Тина, которая отчетливо помнила тело, в котором еле теплилась жизнь, слушала девушку с изумлением. А та продолжала так же легко:

– Ну, мне, правда, дали телефон одного врача, фамилия то ли Аварцев, то ли Азаров, точно не помню. Так он, говорят, чудеса с лицом делает. Три операции – и ничего не видно. Даже потом морщин не бывает. Но зато и денег много берет. Вот сейчас будем с матерью деньги искать, может, квартиру продадим…

В Тининой груди что-то шевельнулось.

– А вы мне не дадите телефон этого чудо-доктора? – попросила она.

– Да у меня его с собой нет! Телефон у мамы. Вернее, у каких-то маминых родственников.

– А-а, – протянула Тина, а сама подумала: "Ну, значит, точно не судьба!"

– А я вот что хотела спросить, – стала щебетать уже совсем о другом Ника. – Вот вы сейчас пели, а я уже эту клевую мелодию слышала. Когда-то давно. Наверное, когда была еще маленькая. Я бы хотела такой диск купить. Как это называется? Кто написал?

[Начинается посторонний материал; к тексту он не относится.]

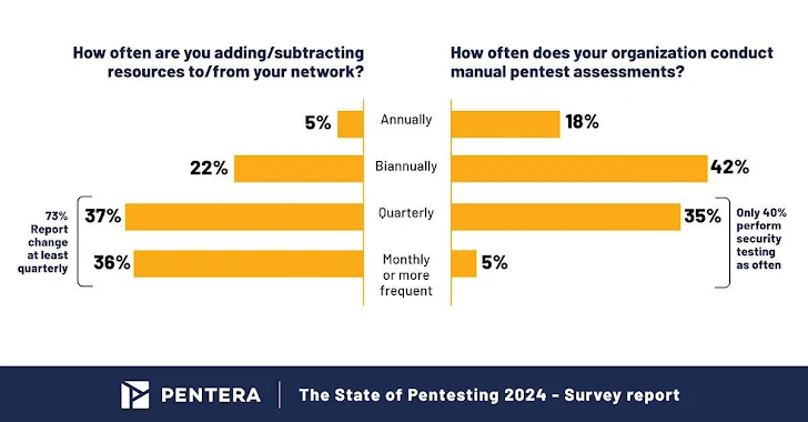 В опросе отмечается удручающий разрыв между частотой изменений ИТ-среды и частотой тестирования безопасности. В то время как 73% организаций сообщают о ежеквартальном внесении изменений в ИТ, только 40% соответствуют этому темпу своих усилий по тестированию. Это оставляет организации открытыми для рисков на длительные периоды.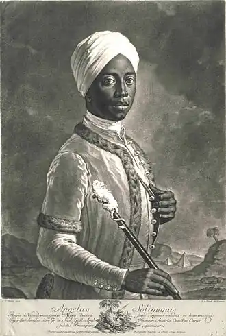 Angelo Soliman (né vers 1721, dans le nord-est du Nigeria[1], mort le à Vienne) était un esclave affranchi, valet et précepteur dans la maison des princes du Liechtenstein. Il était également une personnalité éminente de la société viennoise de son temps et un franc-maçon.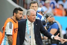 Alejandro Sabella da instrucciones a Lavezzi durante el partido de cuartos contra Bélgica. | EFE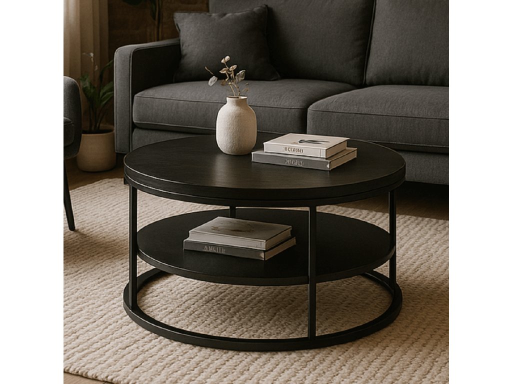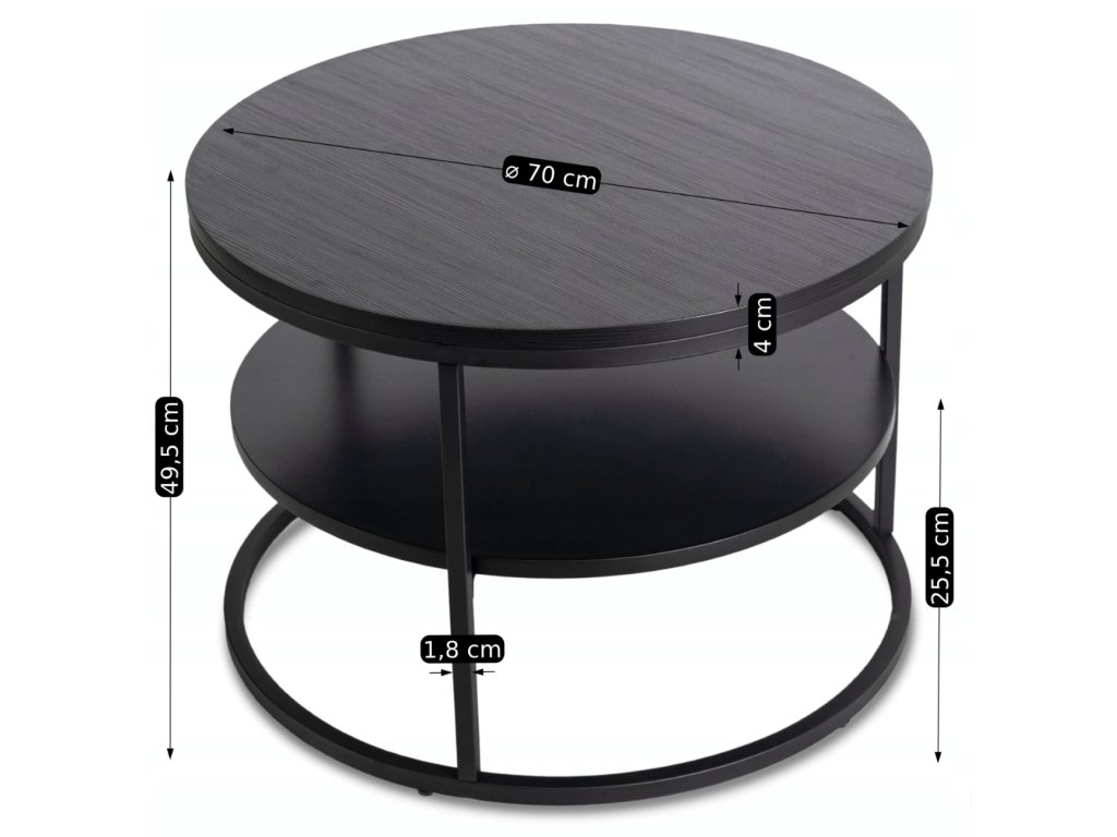 Stolík kombinuje pevnou kovovou konstrukci s černou MDF deskou. Kov poskytuje stabilitu a odolnost, MDF deska rovný a snadno udržovatelný povrch. Konstrukce zvládne běžné zatížení, od odkládání kávy až po dekorace, a je vhodná i pro domácnosti s dětmi.

"Ах, молодость, молодость, – подумала Тина. – Все-то тебе нипочем!"

– Это Шуберт, – сказала она. – Был такой композитор. Говорят, очень клевый мужик. – Она сунула Нике деньги в карман. – Возьми, девочка, не обижай меня. Это тебе на операцию первый взнос.

Тина повернулась и потянула обалдевшую от разговора Аню за собой. Ей больше не хотелось ни о чем расспрашивать Нику. Та стояла и удивленно смотрела им вслед.

– А это кто? – оглянувшись, спросила подруга.

– Да никто. Моя бывшая пациентка, – сказала Тина.

Они еще погуляли по улице, но настроение было испорчено. "Ей, наверное, еще хуже, чем мне", – думала Аня о подруге. А Тина ни о чем не думала. Она брела по улице, слепая и глухая ко всему вокруг. Все так же кружились снежинки, компании торопились в гости со свертками и бутылками в руках. Стрелки часов настойчиво приближались к полночи. Ане уже пора было возвращаться домой, но было неловко оставить Тину. Внезапно расхотелось идти в театр на капустник и уж тем более вешаться. Аня представила себя в кругу родных за нарядным столом и подумала, что надо еще успеть положить в большой мешок подарки от Деда Мороза, как она это делала раньше, когда дети были маленькими.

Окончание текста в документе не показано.